**INSTRUCTIONS FOR THE TASK**. Beginning with the line that contains "ボランティアの方々の特技を披" and ending with the line that contains "L XL db2700", reproduce the lines of the entries below exactly, omitting pictures.

**DATA SHOWN**.
○ ○ ○ ○ ○ ○ ○

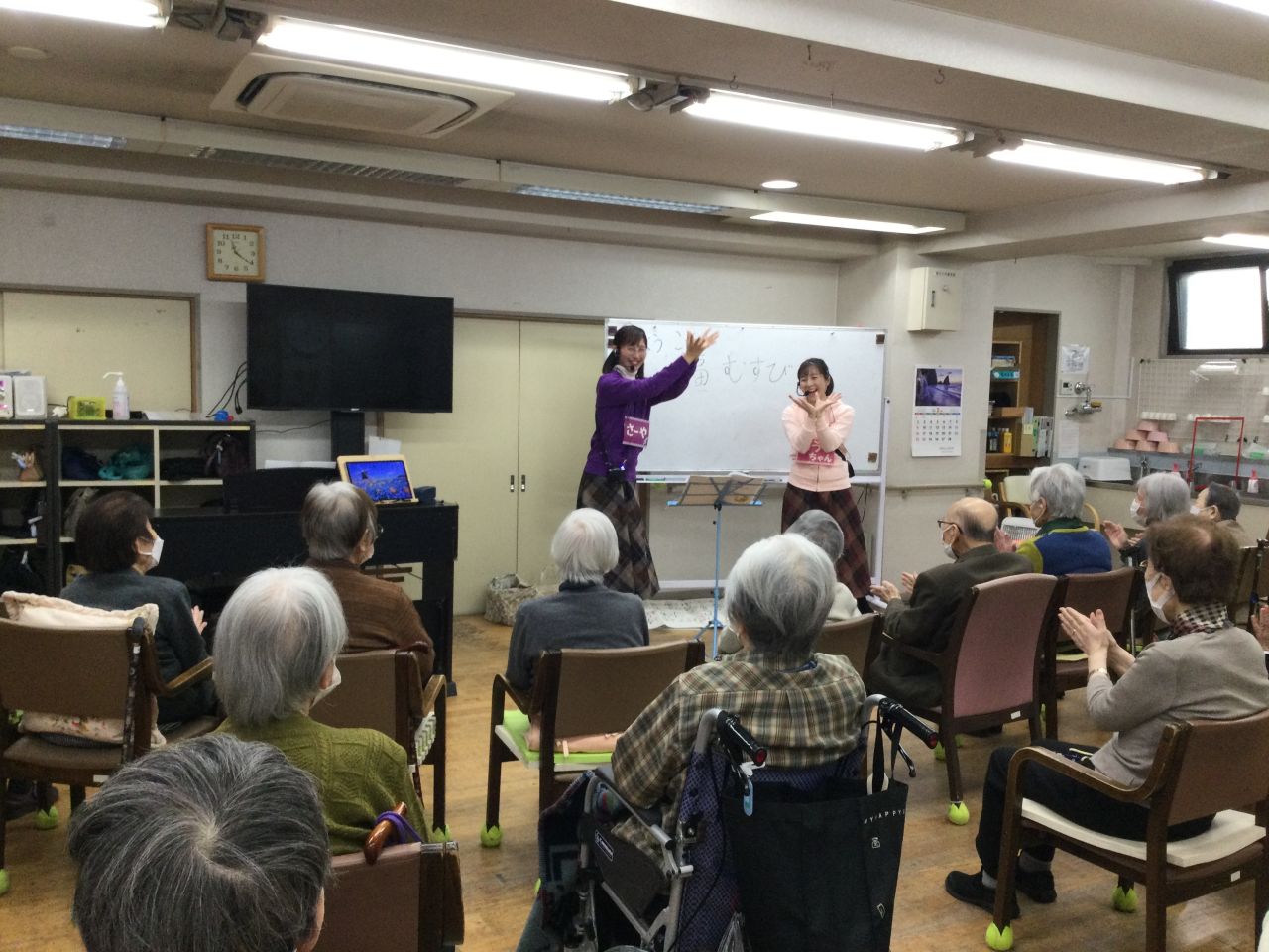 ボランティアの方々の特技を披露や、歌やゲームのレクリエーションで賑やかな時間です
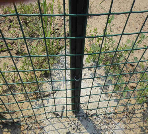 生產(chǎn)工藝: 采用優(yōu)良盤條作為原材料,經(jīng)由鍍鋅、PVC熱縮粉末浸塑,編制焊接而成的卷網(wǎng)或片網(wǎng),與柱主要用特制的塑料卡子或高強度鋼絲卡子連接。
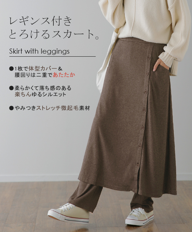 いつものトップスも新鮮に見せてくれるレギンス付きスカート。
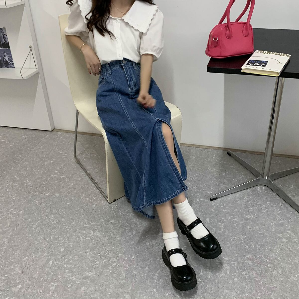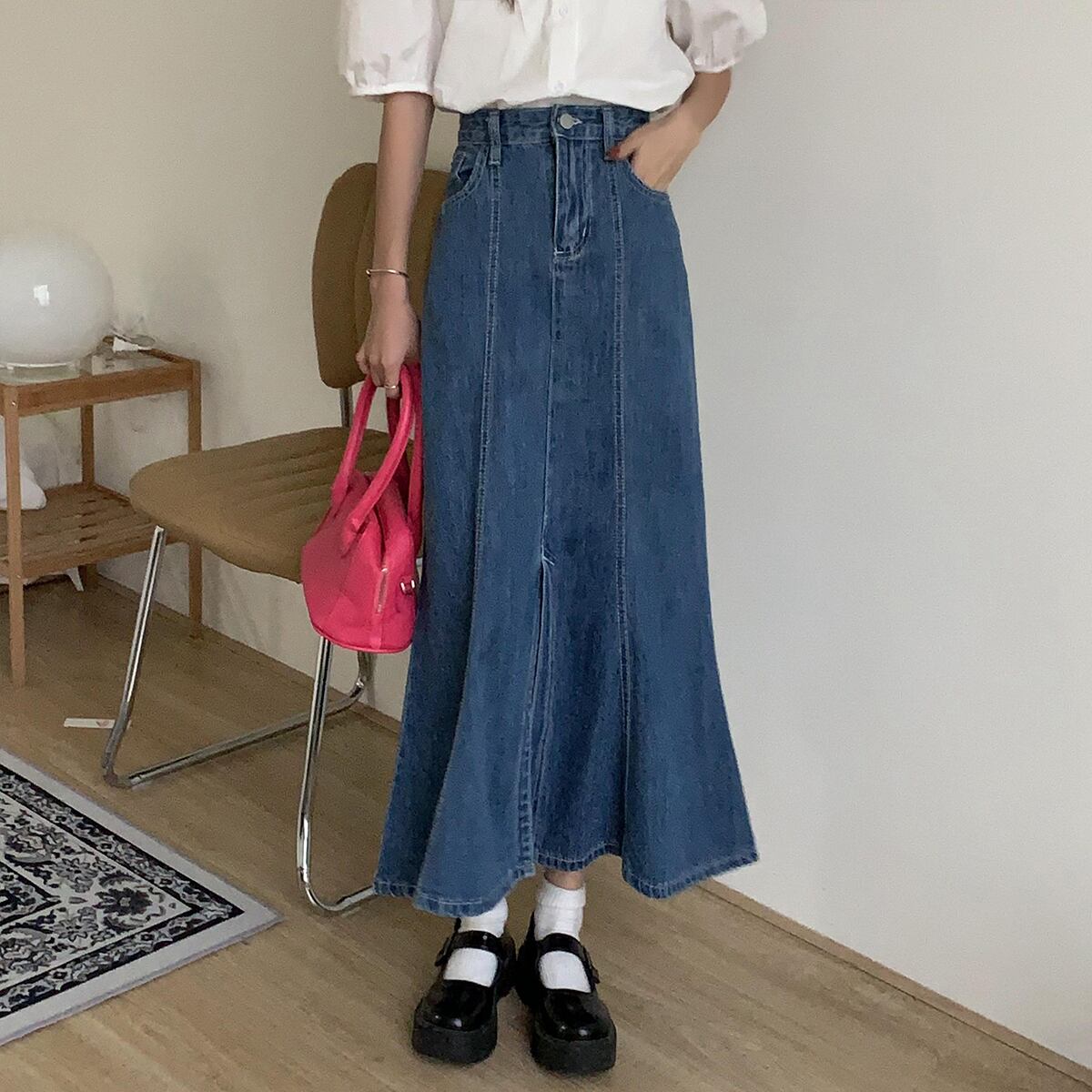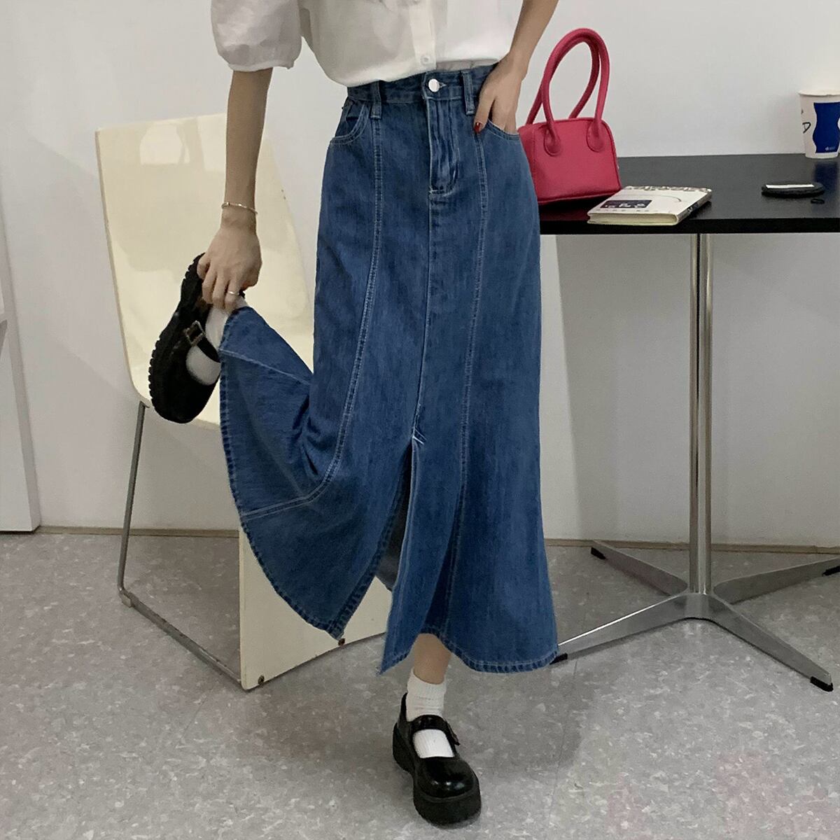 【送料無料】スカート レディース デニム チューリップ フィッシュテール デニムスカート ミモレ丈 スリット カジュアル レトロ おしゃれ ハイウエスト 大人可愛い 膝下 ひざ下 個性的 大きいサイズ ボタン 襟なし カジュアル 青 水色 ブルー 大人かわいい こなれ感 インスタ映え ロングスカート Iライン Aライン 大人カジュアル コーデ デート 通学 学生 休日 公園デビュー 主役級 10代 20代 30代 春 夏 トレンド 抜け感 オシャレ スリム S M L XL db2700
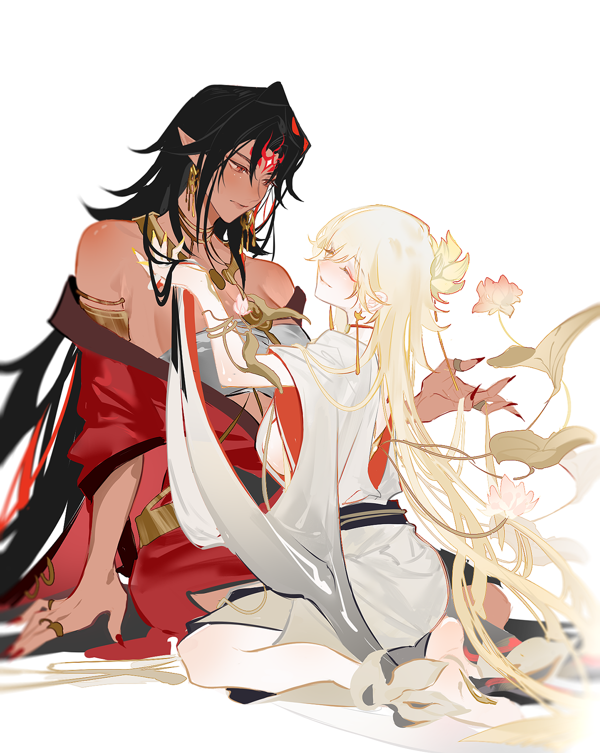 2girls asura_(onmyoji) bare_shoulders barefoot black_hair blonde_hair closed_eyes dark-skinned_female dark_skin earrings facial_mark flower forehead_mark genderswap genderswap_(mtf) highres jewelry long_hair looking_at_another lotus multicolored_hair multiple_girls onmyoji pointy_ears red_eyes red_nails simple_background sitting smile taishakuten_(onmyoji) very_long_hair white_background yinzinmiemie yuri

○ ○ ○ ○ ○ ○ ○

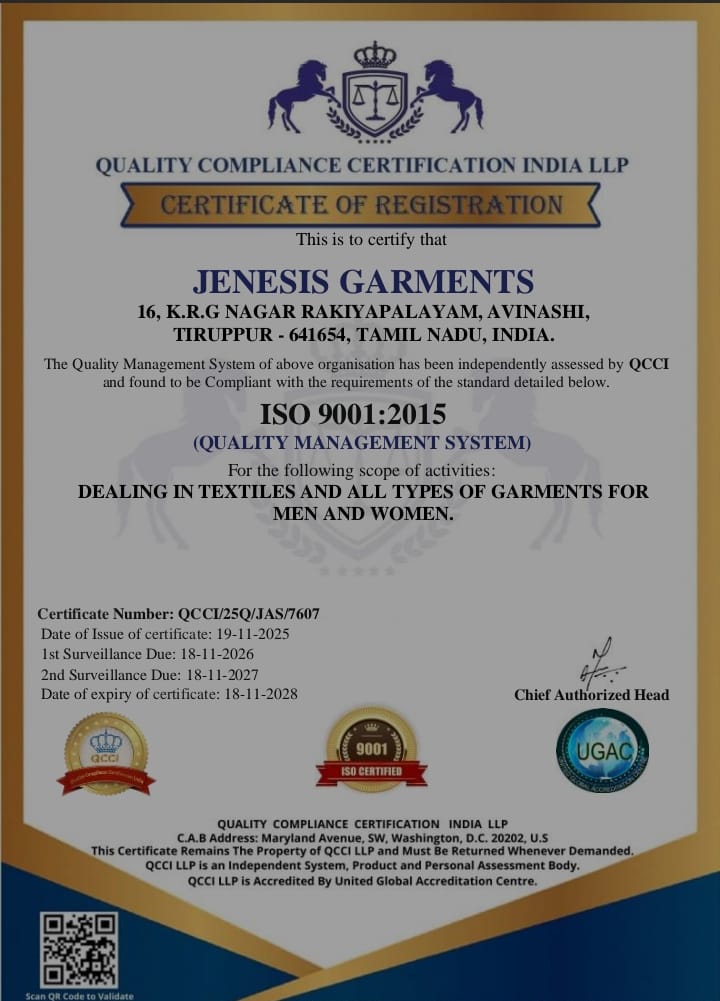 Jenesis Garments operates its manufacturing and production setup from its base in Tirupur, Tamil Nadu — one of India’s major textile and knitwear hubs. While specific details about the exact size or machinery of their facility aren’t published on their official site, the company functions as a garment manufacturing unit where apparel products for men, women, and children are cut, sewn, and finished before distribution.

○ ○ ○ ○ ○ ○ ○

**YOUR RESPONSE**.
 ボランティアの方々の特技を披露や、歌やゲームのレクリエーションで賑やかな時間です
 生產(chǎn)工藝: 采用優(yōu)良盤條作為原材料,經(jīng)由鍍鋅、PVC熱縮粉末浸塑,編制焊接而成的卷網(wǎng)或片網(wǎng),與柱主要用特制的塑料卡子或高強度鋼絲卡子連接。
 いつものトップスも新鮮に見せてくれるレギンス付きスカート。
 【送料無料】スカート レディース デニム チューリップ フィッシュテール デニムスカート ミモレ丈 スリット カジュアル レトロ おしゃれ ハイウエスト 大人可愛い 膝下 ひざ下 個性的 大きいサイズ ボタン 襟なし カジュアル 青 水色 ブルー 大人かわいい こなれ感 インスタ映え ロングスカート Iライン Aライン 大人カジュアル コーデ デート 通学 学生 休日 公園デビュー 主役級 10代 20代 30代 春 夏 トレンド 抜け感 オシャレ スリム S M L XL db2700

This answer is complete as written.